Fryers, Mark (2015) British National Identity and Maritime Film and Television, 1960-2012. Doctoral thesis, University of East Anglia.

[thumbnail of PhD_Full_Draft.docx] Microsoft Word
Download (43MB)

Abstract

Abstract

This thesis considers the mythology connected to the maritime sphere and notions of British national identity and collective unity through the projection of the maritime in British film and television. Specifically, it traces the evolution of this myth through the period 1960-2012, a post-Imperialist era characterised by broad social, economic and political changes and internal divisions within the historic Union of Great Britain, demonstrating how British culture continually uses the past to comment on the present.

The thesis argues that the maritime remains a vibrant cultural site of British national self-examination and re-examination despite the precipitous decline of both Empire and Royal Navy within this time period. The specific audio-visual properties of the filmic and televisual forms and their position as the most successful cultural industries of the 20th Century suggest themselves as vital components for interrogating national myth and projections of collective unity and the attendant challenges to these.

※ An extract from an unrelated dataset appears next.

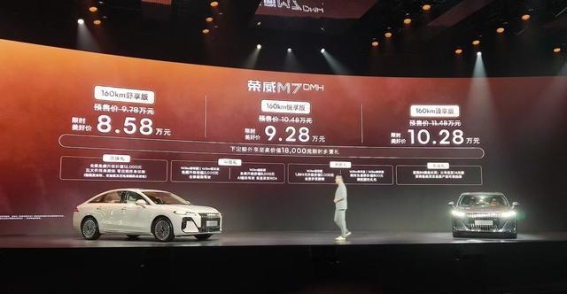 2025年9月17日,荣威品牌正式推出全新中大型插电混动轿车——荣威M7 DMH。新车推出三款配置,官方指导价为9.78-11.48万元。对于在10月31日前完成大定并锁单的用户,荣威提供了限时优惠价格,从8.58万元起,同时赠送价值至高18,000元的购车礼遇,包括五大件终身质保等一系列增值服务。这一价格策略无疑大大降低了中大型插电混动车型的购买门槛,凸显出M7 DMH的高性价比。
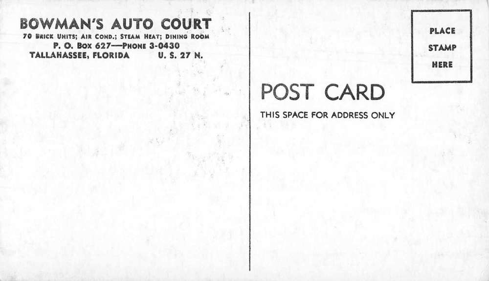 Tallahassee Florida Bowman’s Auto Court Vintage Postcard JJ658967

Aligned to this is the manner in which critical reception continues to operate as an indigent of collective memory, morality and communality aligning itself as provision not only of positive cultural taste but also of a wider debate on the merits or de-merits of the specific components of myth and identity.

Each text is situated within its specific historical and industrial context and a combination of primary sources, textual analysis and reception studies are unified to argue that both the texts themselves and their reception within critical discourse collectively negotiate the role that media cultures play in constructing and challenging notions of collective identity and myth.

Finally, this thesis argues constructively, that the seemingly banal cultural symbols of national identity and mythology, far from being an irrelevance in a globalised age, remain amongst the most vital cultural, social, political and economic discourses of the age.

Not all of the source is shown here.